Mais peut-on vraiment devenir orphelin autrement que brutalement ? L’homme reviendrait dans ce pays mort, comme on retourne sur la tombe de ses parents, dans un tourbillon de nostalgie, de regret, de tristesse et de joie en ressassant les souvenirs. Il se mettrait à en vouloir aux souvenirs eux-mêmes d’avoir été si beaux et puis d’avoir disparu. Il se dirait que dans ce cas-là, ils auraient mieux fait de n’avoir jamais existé. Mais cette histoire, comme beaucoup d’autres, je ne l’ai jamais écrite. Et puis l’idée, négligée, s’est réfugiée quelque part dans un coin de ma tête, et je n’y ai plus jamais repensé.
Puis, je suis revenu en France.
Il n’y a pas eu besoin de bombe atomique, ni d’épidémie mortelle. Le pays avait disparu. Et au fond, ça faisait longtemps que je le savais. On peut devenir orphelin autrement que brutalement. Parfois même avec beaucoup de lenteur. Péniblement. Mais détourner le regard du malade ne l’empêche pas de mourir.
C’est pourtant ce que j’avais fait. J’avais détourné le regard pendant trop longtemps. Avec la même naïveté que celle de l’enfant qui se cache derrière ses mains quand il voit quelque chose qui le terrifie. Il y avait quelque chose dans ce peuple qui avait changé. On n’y parlait plus vraiment la même langue.

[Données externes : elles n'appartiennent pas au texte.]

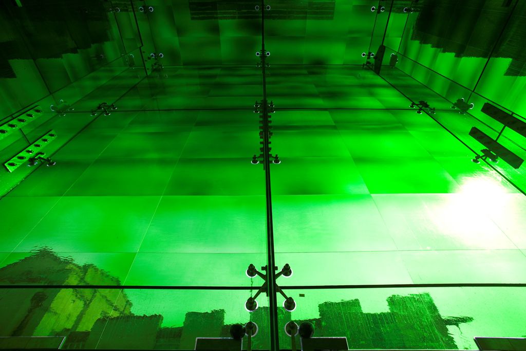 The green glass used is a single hue washed across the glass facade. It deepens from transparency at street level and graduates through to a fully saturated colour at the top. This allows people using the building to have clear visibility through the glass as they enter or leave the building but still gives sufficient definition of colour to create a focal point.

On disait maintenant « frère » à des gens qu’on appelait autrefois monsieur. On disait « wesh » à chaque phrase, en guise de ponctuation, ou bien pour remplacer les mots qu’on avait oubliés et ceux qu’on n’avait jamais appris. Ce n’était plus la France que j’avais quittée. Elle ressemblait par endroits à un paysage dévasté, à un paysage d’après-guerre. Ou bien peut-être à un paysage d’avant-guerre.

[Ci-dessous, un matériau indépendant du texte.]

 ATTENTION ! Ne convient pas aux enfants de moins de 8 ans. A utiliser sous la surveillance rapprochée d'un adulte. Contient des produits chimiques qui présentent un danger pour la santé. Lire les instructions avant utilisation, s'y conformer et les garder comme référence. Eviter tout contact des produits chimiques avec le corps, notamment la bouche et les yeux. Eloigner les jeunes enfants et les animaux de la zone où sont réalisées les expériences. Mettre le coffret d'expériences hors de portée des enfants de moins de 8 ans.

Autour de moi il n’y a plus que méfiance. Regards en coin. Les mains se serrent autour des téléphones, des sacs et des enfants. On baisse les yeux pour ne pas éveiller la colère de certains. On ne dit plus bonjour, ni au-revoir. On ne dit plus rien. On se méfie de son voisin. Il n’y a plus que devant les magasins que l’on voit quelque chose qui ressemble au bonheur, une pâle imitation. On achète de jolies paires de chaussures, pour oublier qu’on marche sur un pays mort.

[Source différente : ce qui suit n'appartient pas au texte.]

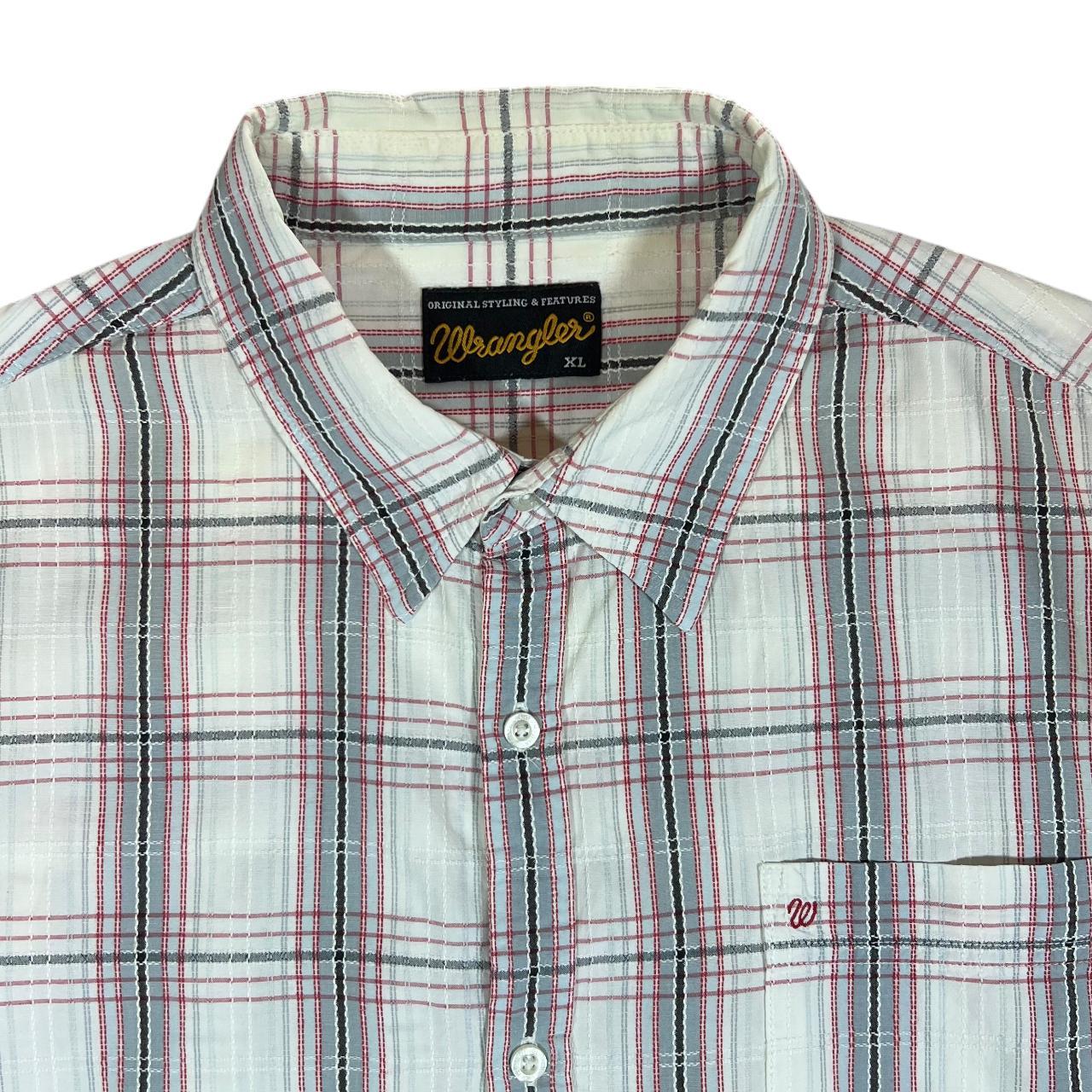 Early 00's WRANGLER White Red Grey Plaid Check Short Sleeve Cotton ShirtSize: XL (See measurements)Colour: White/Red/Grey CheckDetail: 100% cotton material.Condition: Light general wear as expectedMeasurements: Pit to Pit: 23.5"Length: 30.5"Shoulder to Cuff: 9.5"#SH174

De la fenêtre du train, j’ai vu une vieille dame se faire cracher dessus sans oser protester, en marchant simplement plus vite pour sortir de la gare. J’ai vu les hommes détourner le regard car quand les damnés de la terre expriment leur colère c’est qu’ils ont de bonnes raisons de le faire. Il est de notre devoir d’accepter notre fardeau, de porter notre croix. Cette croix, on l’avait pourtant abandonnée sur le bord de la route. J’en avais recherché la trace dans une vieille église vide. Je commence doucement à réaliser qu’il n’y a plus rien à aimer, et je regrette que tout soit si lent. Quand l’humiliation est latente, on finit par s’y habituer.
Je regrette, quitte à être devenu orphelin, que ça n’ait pas été brutal. Ça aurait au moins pu nous permettre de nous faire réagir.
Le chemin que j’empruntais pour aller à l’école est jonché de déchets. Amputé de ses couleurs. Mes souvenirs sont devenus des regrets. Ainsi commence mon voyage dans le pays mort.